6. The method as claimed in claim 5, wherein the channel defining step (S1) comprises sequentially forming the three detection channels (100, 200, 300) in three nitrocellulose membrane-based zones (Z1, Z2, Z3) isolated through the hydrophobic barriers (HB), each zone having a sample pad (SP) at upstream end, an absorbent pad (AP) at downstream end, and a conjugate pad (CP) placed therebetween with one detection channel.

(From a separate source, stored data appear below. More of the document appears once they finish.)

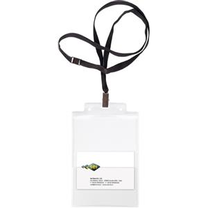 Durable Portanome 60x90 mm con cordoncino in tessuto nero, clip di sicurezza e inserto personalizzabile - confezione da 5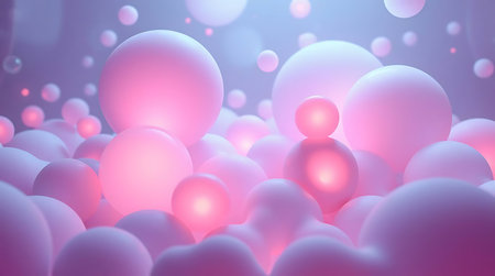 abstract glowing spheres, blue and pink colors, futuristic background, digital art, D rendering, soft focus, depth of field, creative concept of light and space, vibrant atmosphere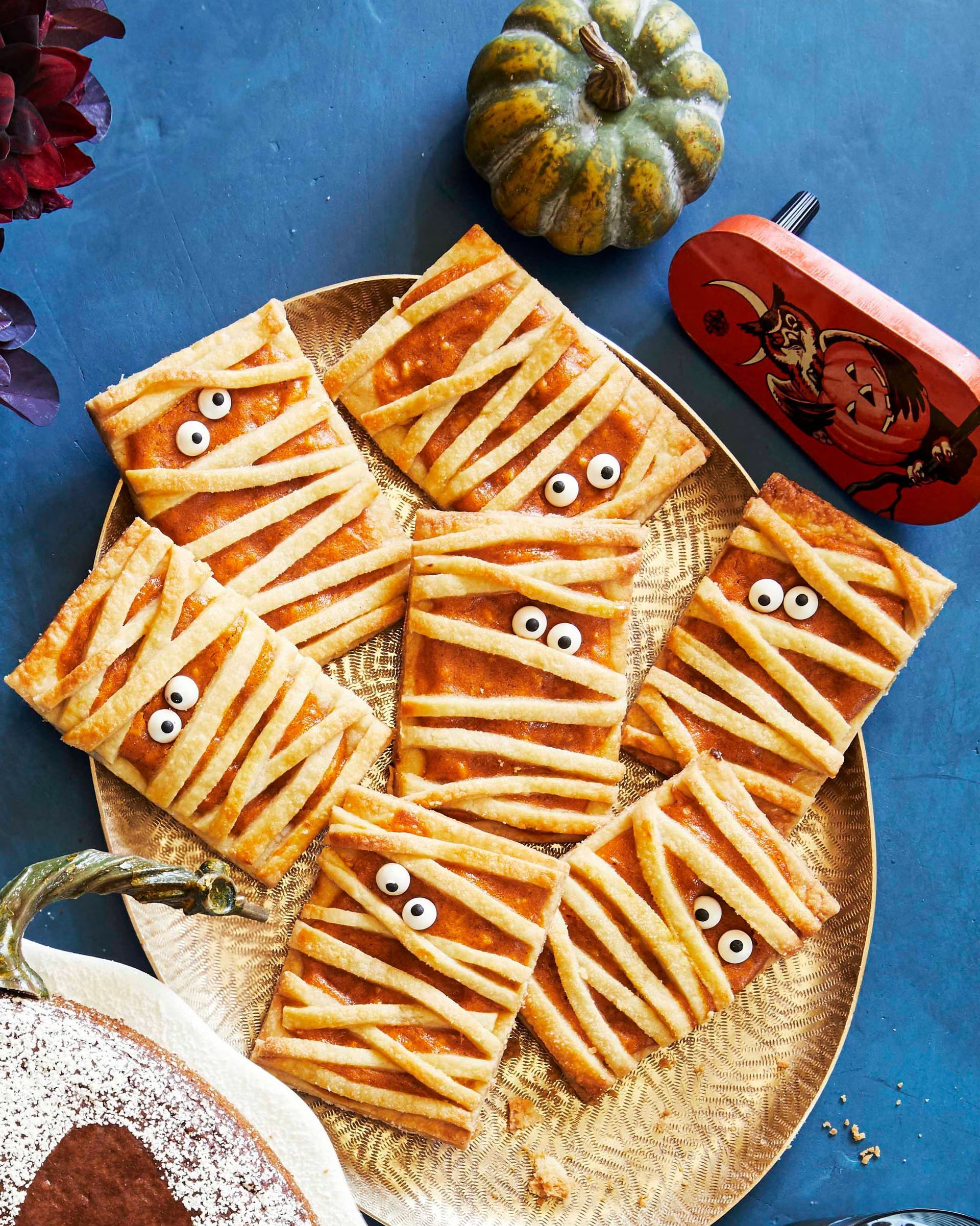 6. Preheat oven to 400°F. Bake until golden brown, 20 to 25 minutes. Cool 20 minutes. Place candy eyes on mummies.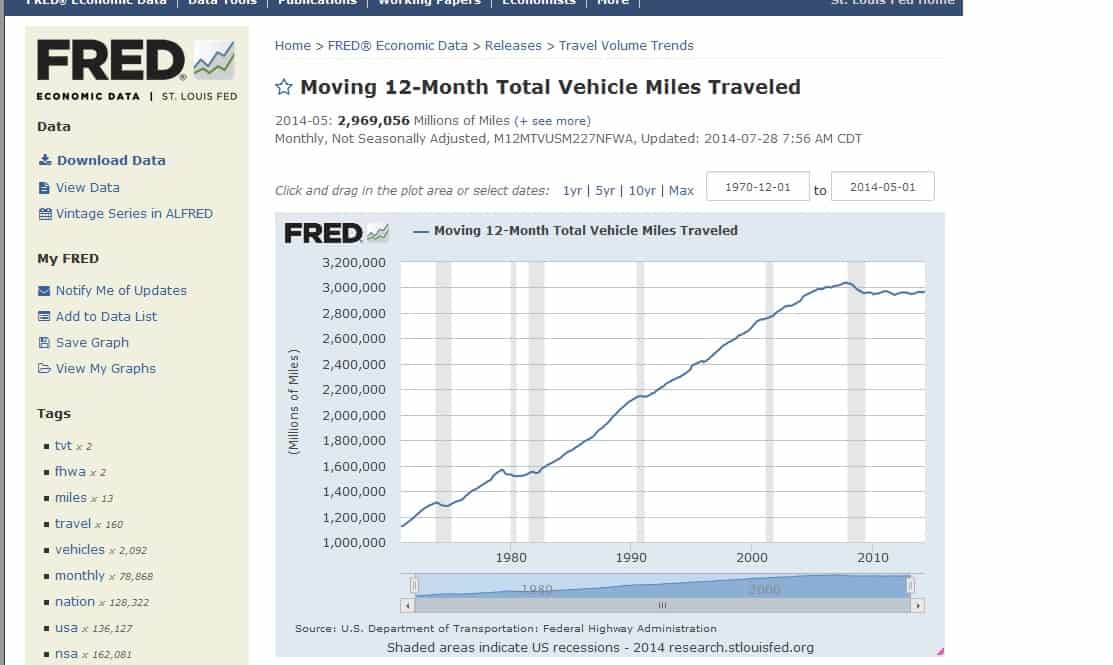 Will highway traffic become even heavier, to the point that reservations are needed before you are even allowed to get on an interstate, or have we hit a limit and traffic is never going to get any worse than it is now? Much has been made of the graph below. Is the lull in traffic temporary or permanent? I suspect it is temporary, but we’ll see in a few years. Not everyone is quite as optimistic, and this analysis is worth noting: http://advisorperspectives.com/dshort/updates/DOT-Miles-Driven.php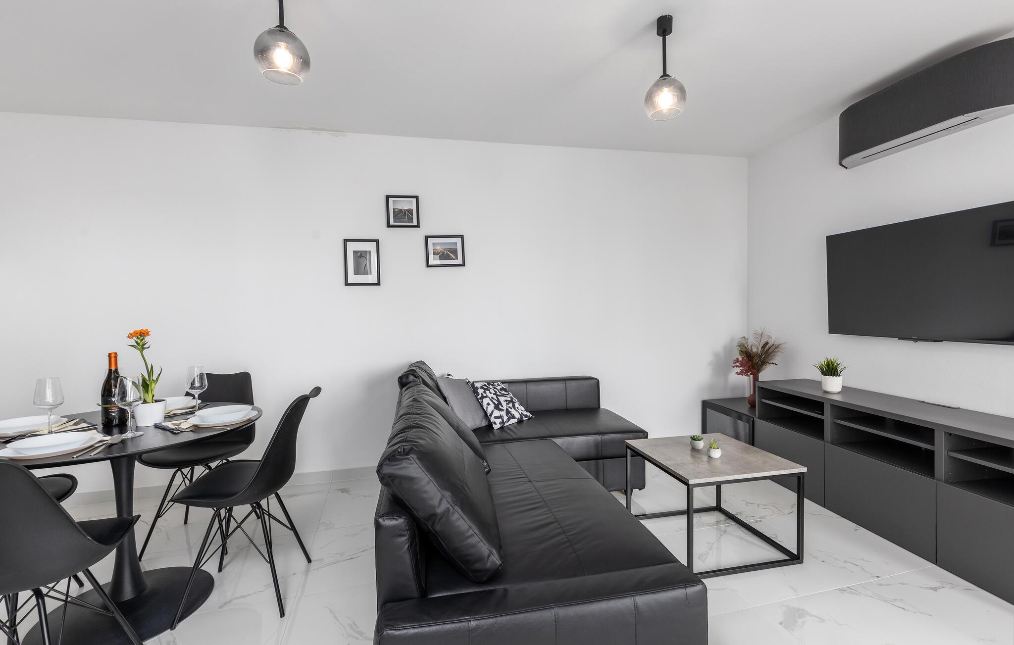 Velkommen til denne moderne lejlighed, der har en fantastisk beliggenhed ved havet, og hvor I får de bedst tænkelige rammer for en ferie med fred, sol og masser af vand. Indretningen fremtræder elegant og stilsikkert med et vellykket mix af det rustikke og det moderne. Lokalerne får et dejligt lysindfald gennem de mange vinduespartier, der samtidig giver en fantastisk udsigt over havet og landskabet. Efter en begivenhedsrig dag kan I sætte jer godt til rette og svede igennem i saunaen, som deles med de andre gæster.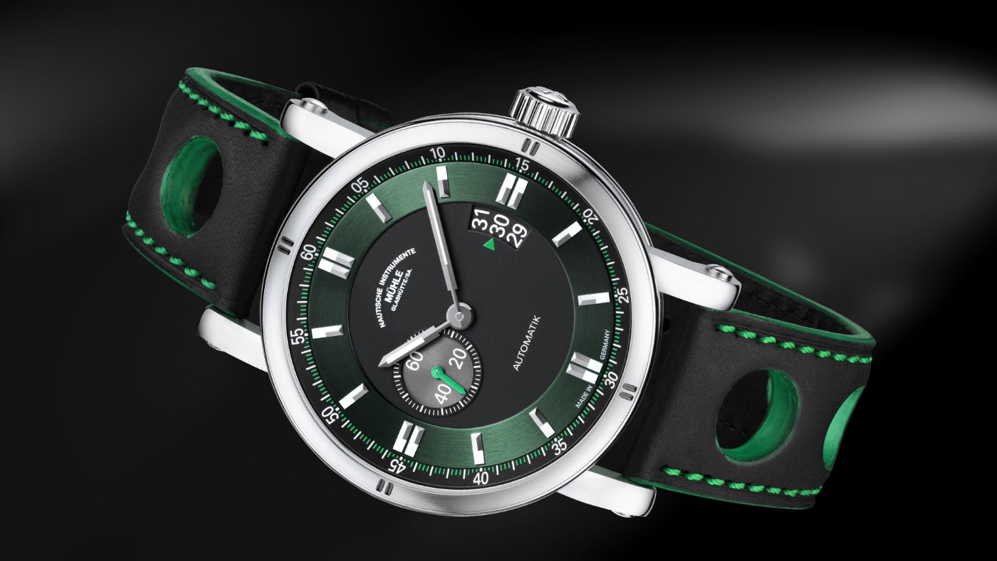 In contrast, the wearers of the new Teutonia Sport II in British racing green have nothing to worry about on a rainy day. This Mühle watch is not only inspired by the sporty design and traditional colours of the British roadsters but also goes one step further by combining these characteristics with Mühle-Glashütte’s nautical values: precision, robustness and excellent readability. The high-quality case of the Teutonia Sport II keeps the rain out with its design that is water-resistant up to a pressure of 10 bars. It also reliably protects both the precise engine of the automatic watch and its sophisticated instrument panel.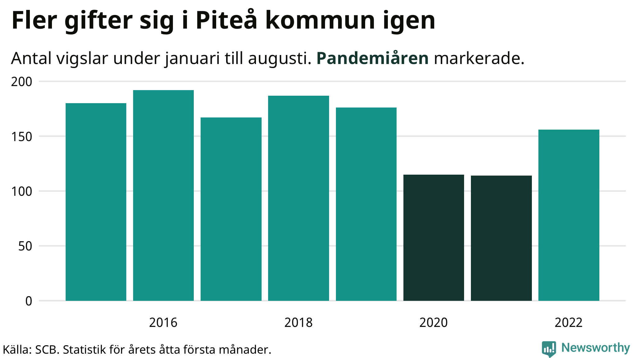 Till och med augusti i år har 156 giftermål registrerats i Piteå kommun. Det är 42 fler än snittet under pandemin. Under 2020 och 2021 – då restriktionerna gällde – sjönk antalet vigslar med två femtedelar i Piteå jämfört med snittet åren innan.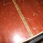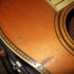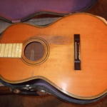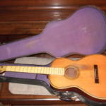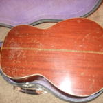 This is the top of Weymann’s guitar styles, and is 14 ½” wide with mahogany back and sides with elaborate marquetry on the spruce top. It has a pearloid (mother-of-toilet-seat) fingerboard, and banjo tuners recessed into the pearloid-faced headstock.  It is a 12-fret guitar with X-bracing that is setup for steel strings.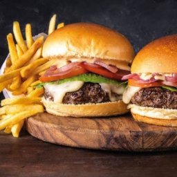 Mix: 2 Hambúrgueres Tradicionais Duplos + 2 Simples 1Porções de batata fritas de (400g ) 1 Refrige...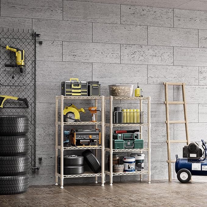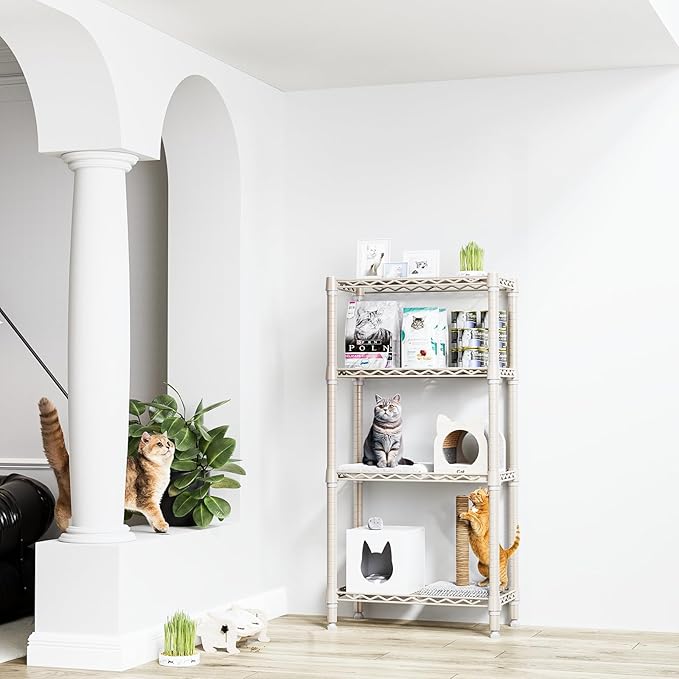 1000 lbs 4-Shelf Standing Storage Shelves Heavy Duty Metal Shelving Unit Adjustable Wire Rack for Office Garage Kitchen, Light Tan 11.8 D x 23.6" W x 47.5" H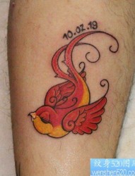 一幅腿部彩色燕子文身图片有纹身520图库推荐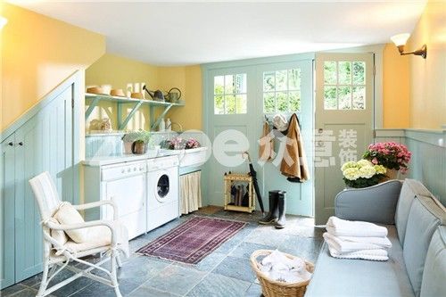 田園風(fēng)格一直都被不少人所喜愛,除了養(yǎng)眼之外,田園風(fēng)格帶給人更多的生活的氣息。洗衣房在黃色與淡藍(lán)色的融合的顏色里,就像在日光下的天空般溫暖,給人恬靜的感覺!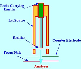 The process of field desorption involves the extraction of ions from a sample (deposited on a specially prepared surface) by the use of extremely high electrical fields. The preparation of the emitting surface is quite involved. A diagram of the field desorption source is shown in figure 17. The emitter is mounted on an insulated probe, which is introduced into the ion source by means of the standard vacuum lock. About 2 mm from the probe tip is a counter electrode, which is held at a potential of about 10,000 V relative to the probe. The ions produced from the emitter are accelerated toward the counter electrode, pass through a hole into the focusing section, and then into the mass spectrometer analyzer. The preparation of the emitter surface is both tedious and time consuming. The most commonly used surface consists of carbon micro needles that are formed on tungsten wire in a vacuum. One substance that is used for this purpose is benzonitrile . The material is placed on the wire and the temperature adjusted to gently pyrolyse the material, producing carbon spots along the wire.

7. The method as claimed in claim 5, wherein the channel defining step (S1) comprises forming the three detection channels (100, 200, 300) as three parallel channels isolated through the hydrophobic barriers (HB) in a nitrocellulose conjugate pad (CP) placed between a nitrocellulose sample pad (SP) at upstream end and a nitrocellulose absorbent pad (AP) at downstream end.

8. The method as claimed in claim 5, wherein the applying step (S2) comprises:
mixing anti-PdG antibody and BSA at a weight ratio of 1:1 in sterile water or alkaline water having 7-10 pH to obtain the anti-PdG-BSA conjugate;
blending anti PdG antibody and AuNP at a weight ratio of 1:1, 5% w/v of trehalose or sucrose, 0.5–1% v/v of bovine serum albumin (BSA), and 0.05–0.5% v/v of Tween 20 in phosphate buffered saline (PBS) or borate solvent to obtain the anti PdG-AuNP conjugate; and
adding anti chicken IgY in sterile water or alkaline water having 7-10 pH to obtain the anti chicken IgY solution.

9. The method as claimed in claim 5, wherein the loading step (S3) comprises:
mixing anti-E1S antibody and BSA at a weight ratio of 1:1 in sterile water or alkaline water having 7-10 pH to obtain the anti-E1S-BSA conjugate;
blending anti-E1S antibody and AuNP a weight ratio of 1:1 in sterile water or alkaline water having 7-10 pH to obtain the anti-E1S-AuNP solution; and
adding goat anti‑mouse IgG mixed in sterile water or alkaline water having 7-10 pH to obtain the goat anti‑mouse IgG solution.

10. The method as claimed in claim 5, wherein the depositing step (S4) comprises mixing bromophenol blue mixed in 0.05 M citrate buffer with pH 3-5 the bromophenol blue solution.